Without monitoring, quota exhaustion happens unexpectedly:

  • No visibility into burn rate trends
  • Can't predict when limits will be hit
  • Emergency response when quota is already exhausted
  • Lost productivity during quota outages

Proactive Monitoring Solution

VC captures usage snapshots every 5 minutes and uses them to:

  1. Calculate burn rate (tokens/min, cost/min)
  2. Predict time-to-limit with confidence scoring
  3. Emit pre-emptive alerts at escalating levels (YELLOW → ORANGE → RED)
  4. Auto-create crisis issues when exhaustion is imminent

Environment Variables

# Enable/disable quota monitoring (default: true)
export VC_ENABLE_QUOTA_MONITORING=true

# How often to capture usage snapshots (default: 5 minutes)
export VC_QUOTA_SNAPSHOT_INTERVAL=5m

# Alert thresholds (time-to-limit that triggers alerts)
export VC_QUOTA_ALERT_YELLOW=30m    # Warning: 15-30min to limit
export VC_QUOTA_ALERT_ORANGE=15m    # Urgent: 5-15min to limit
export VC_QUOTA_ALERT_RED=5m        # Critical: <5min to limit

# Historical data retention (default: 30 days)
export VC_QUOTA_RETENTION_DAYS=30

# Auto-create P0 quota-crisis issues on RED alerts (default: true)
export VC_QUOTA_AUTO_CREATE_CRISIS_ISSUE=true

Alert Levels

GREEN (Healthy):

  • 30 minutes until limit at current burn rate

  • No alerts emitted (normal operation)

YELLOW (Warning):

  • 15-30 minutes until limit
  • Alert: "Monitor usage, consider reducing AI operations"
  • Console warning logged
  • Event logged to activity feed

ORANGE (Urgent):

  • 5-15 minutes until limit
  • Alert: "Urgent - reduce AI operations or risk hitting limit"
  • Escalated console warning
  • Event logged with URGENT severity

RED (Critical):

  • <5 minutes until limit
  • Alert: "CRITICAL - quota exhaustion imminent"
  • P0 quota-crisis issue auto-created (if enabled)
  • Enables Bootstrap Mode for minimal-AI fixes (vc-b027)

Burn Rate Calculation

VC uses linear regression over last 15 minutes of snapshots:

Algorithm:

  1. Collect snapshots from last 15 minutes (3 snapshots at 5-min intervals)
  2. Calculate tokens_per_minute and cost_per_minute from oldest to newest
  3. Project when each limit (tokens, cost) will be reached
  4. Report whichever limit will be hit first
  5. Include confidence score (based on sample size, 0.0-1.0)

Confidence scoring:

  • 3 snapshots = 0.6 confidence
  • 5+ snapshots = 1.0 confidence
  • Only alert if confidence >0.5

Cost Attribution

Every AI operation is logged with full attribution:

  • Operation type: assessment, analysis, deduplication, code_review, discovery
  • Model used: sonnet, haiku, opus
  • Tokens consumed: input + output
  • Cost: calculated from token counts
  • Duration: milliseconds taken
  • Issue: which issue the operation was for

This enables queries like:

  • "Which operation types cost the most?"
  • "Which issues burn through quota fastest?"
  • "Is sonnet or haiku more cost-effective for assessments?"

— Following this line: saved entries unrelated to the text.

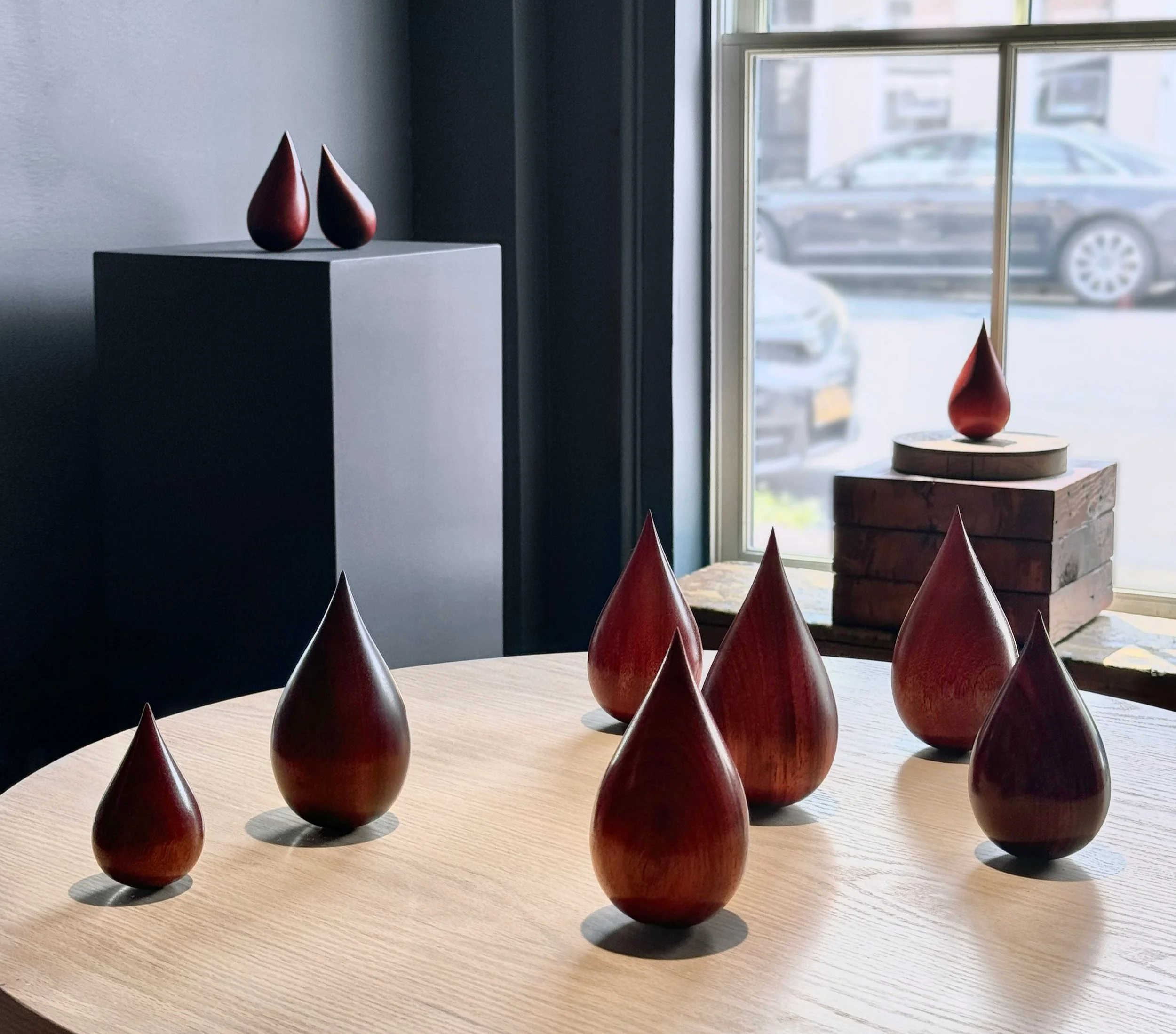 The carved “Drop” sculptures are solid wood, yet fluid in form and movement. They are self-balancing so that they can be held and moved into different relationship with each other. In order to achieve this fluidity and carefully balanced center of gravity, these sculptures are painstakingly hand made through a gradual and labor intensive process of carving, sanding, and being carved internally and filled with lead as ballast.
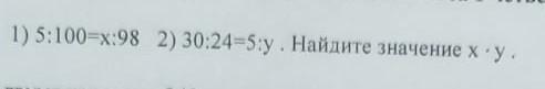 задана пропорция 1) 5:100=х:98 2) 30:24 = 5:y Найдите значения х• у с решением напишите пожалуйста! спасибо заранее.
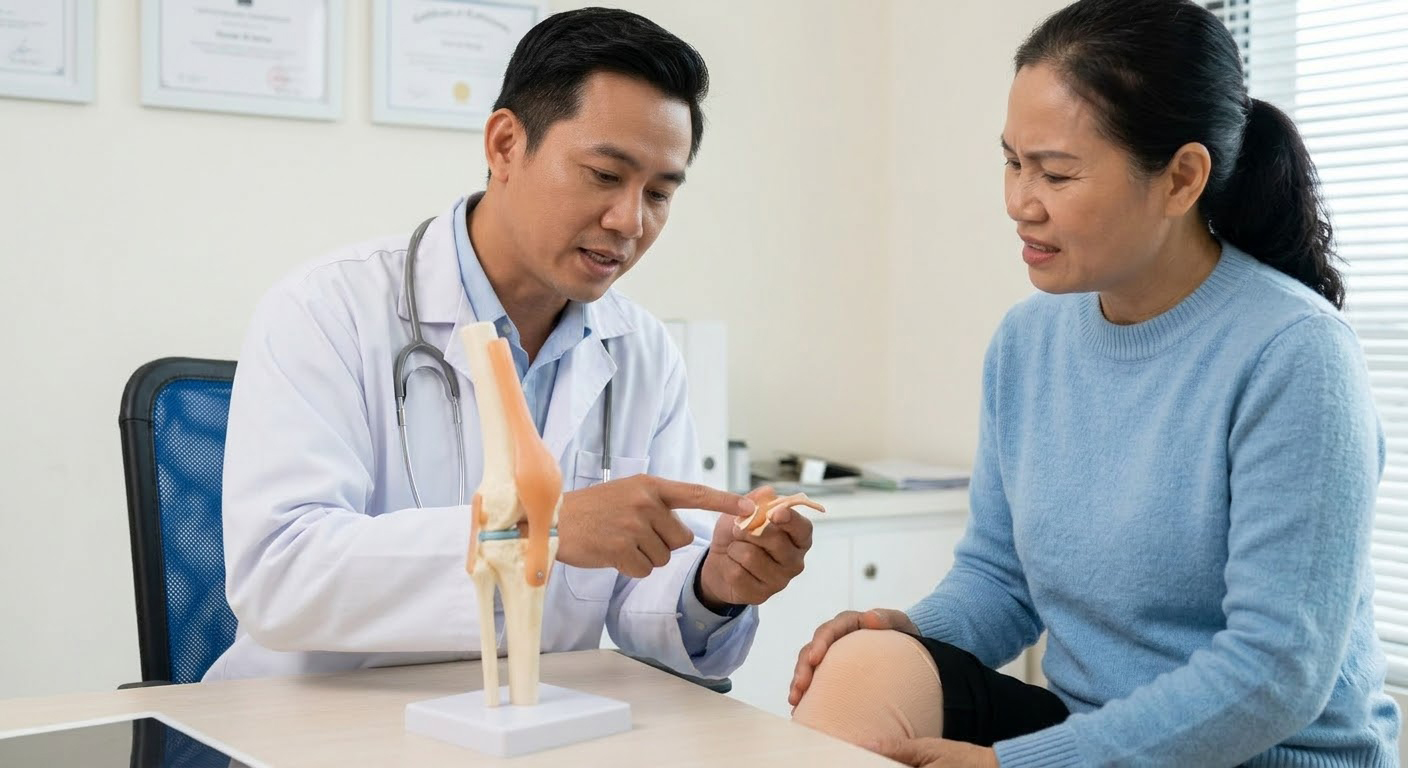 Đau nhức xương khớp thường gặp ở người mắc các bệnh như thoái hóa khớp, viêm khớp dạng thấp, gout và một số bệnh lý cơ xương khớp mạn tính khác. Với những trường hợp này, điều quan trọng trước hết không phải chỉ là giảm đau tức thời mà là kiểm soát ổn định bệnh lý nền theo đúng phác đồ điều trị của bác sĩ.

See docs/QUERIES.md for cost attribution queries.

Integration with Other Features

Quota Retry (vc-5b22):

  • Monitoring = proactive (prevent hitting limits)
  • Retry = reactive (handle limits gracefully when hit)
  • Together = comprehensive quota management

Bootstrap Mode (vc-b027):

  • RED alert auto-creates quota-crisis issue
  • Bootstrap mode activates (minimal AI usage)
  • Crisis can be fixed without exhausting remaining quota

Cost Budgeting (vc-e3s7):

  • Budgeting = hard limits (stop at threshold)
  • Monitoring = predictive alerts (warn before threshold)
  • Together = stay informed while staying under budget

Example Alert Flow

Normal operation:

✓ Quota healthy (45min to limit, 85% confidence)

Approaching limit:

⚠️  Quota approaching limit: ~25 minutes remaining at current burn rate
   Burn rate: 3,200 tokens/min ($0.12/min)
   Current usage: 75,000/100,000 tokens ($3.75/$5.00)
   Recommended: Monitor usage. Consider reducing AI operations or increasing quota limits.

Imminent exhaustion:

🚨 CRITICAL: Quota exhaustion in ~4 minutes at current burn rate
   Burn rate: 5,000 tokens/min ($0.18/min)
   Current usage: 95,000/100,000 tokens ($4.80/$5.00)
   Recommended: IMMEDIATE ACTION REQUIRED: Stop non-essential AI operations. Quota crisis issue will be auto-created.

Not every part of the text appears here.